- Film poster
- Directed by: Doze Niu
- Written by: Tseng Li-ting Doze Niu
- Produced by: Dennis Yu Chan Ya-wen Yao Cheng-chung Chang Hsueh-shun Alan Tong Lee Lieh Doze Niu
- Starring: Ethan Juan Mark Chao
- Cinematography: Jake Pollock
- Edited by: Ian Lin
- Music by: Sandee Chan
- Production company: Greenday Films
- Distributed by: Warner Bros. Pictures
- Release dates: January 29, 2010 (Berlinale); February 5, 2010 (Taiwan);
- Running time: 141 minutes
- Country: Taiwan
- Languages: Taiwanese Hokkien Mandarin
- Box office: $4,244,158

= Monga (film) =

Monga (艋舺 (Báng-kah)) is a 2010 Taiwanese gangster film. The film features Ethan Juan, Mark Chao, Ma Ju-lung, Rhydian Vaughan and Ko Chia-yen. Set in the titular district (now known as Wanhua District) of Taipei, the film follows the coming-of-age of Mosquito and initiation into gang life in the 1980s. The film was directed and co-written by Doze Niu, who also appears in the film.

==Plot==
In 1986, teenager Mosquito (Mark Chao) transfers into a troubled high school in Monga. On his first day, he stands up to harassment from Dog Boy (Chen Han-dian), impressing Dragon (Rhydian Vaughan), the son of Geta (Ma Ju-lung), leader of the Qingshui Temple Front gang. At home, Mosquito is estranged from his single mother Ling-wan (Lin Hsiu-ling), who is financially supported by Grey Wolf (Doze Niu), an old flame and waishengren gangster who frequents her beauty salon. Dragon soon recruits Mosquito into forming the Princes Gang, along with Monk (Ethan Juan), Monkey (Emerson Tsai) and A-po (Frankie Huang), who become his closest friends. Visiting a brothel, Mosquito also forms a relationship with Ning (Ko Chia-yen), a prostitute.

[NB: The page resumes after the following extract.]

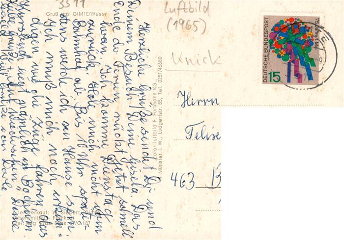 73890953 alte Postkarte Gimte Fliegeraufnahme postalisch gelaufen Erhaltung siehe scans [FriedD77] KatCode: 11110003152016

Geta orders the finger severing of Doggy, Dog Boy's father and a member of the rival Back Alley gang, for cheating in games on Temple Front turf. In retaliation, Dog Boy rapes Xiao Hui (Reen Yu), Dragon's girlfriend. The Princes kidnap Dog Boy and accidentally torture him to death. Geta punishes the five and severely beats Monk when he takes the blame out of his loyalty to Dragon. A recovering Monk overhears his father and Back Alley leader Masa (Hsing Feng) discussing Geta; many years ago, Geta had severed the former's arm to seize power.

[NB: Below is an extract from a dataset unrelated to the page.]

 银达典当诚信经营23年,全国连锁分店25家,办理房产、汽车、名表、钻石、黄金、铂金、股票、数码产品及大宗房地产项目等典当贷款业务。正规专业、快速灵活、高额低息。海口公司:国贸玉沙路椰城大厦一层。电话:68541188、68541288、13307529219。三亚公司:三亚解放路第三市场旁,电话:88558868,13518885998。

In 1987, Geta sends the Princes into the mountains where they train in martial arts and weapons combat. At a celebration, Geta runs into Masa and his bodyguard Wim-kian (Wang Shih-hsien), Dog Boy's cousin. Wim-kian had encountered Grey Wolf in prison, who is interested in expanding into Monga; Geta turns down the offer. Gray Wolf meets with Wim-kian, advising him to take down Temple Front due to their dominance over the district. Wim-Kian approaches a disgruntled Monk, convincing him of the inevitability of the waishengren triad's takeover. Wim-kian assassinates Masa, while Monk shoots Geta while he is alone. Mosquito arrives too late and Geta dies in his arms.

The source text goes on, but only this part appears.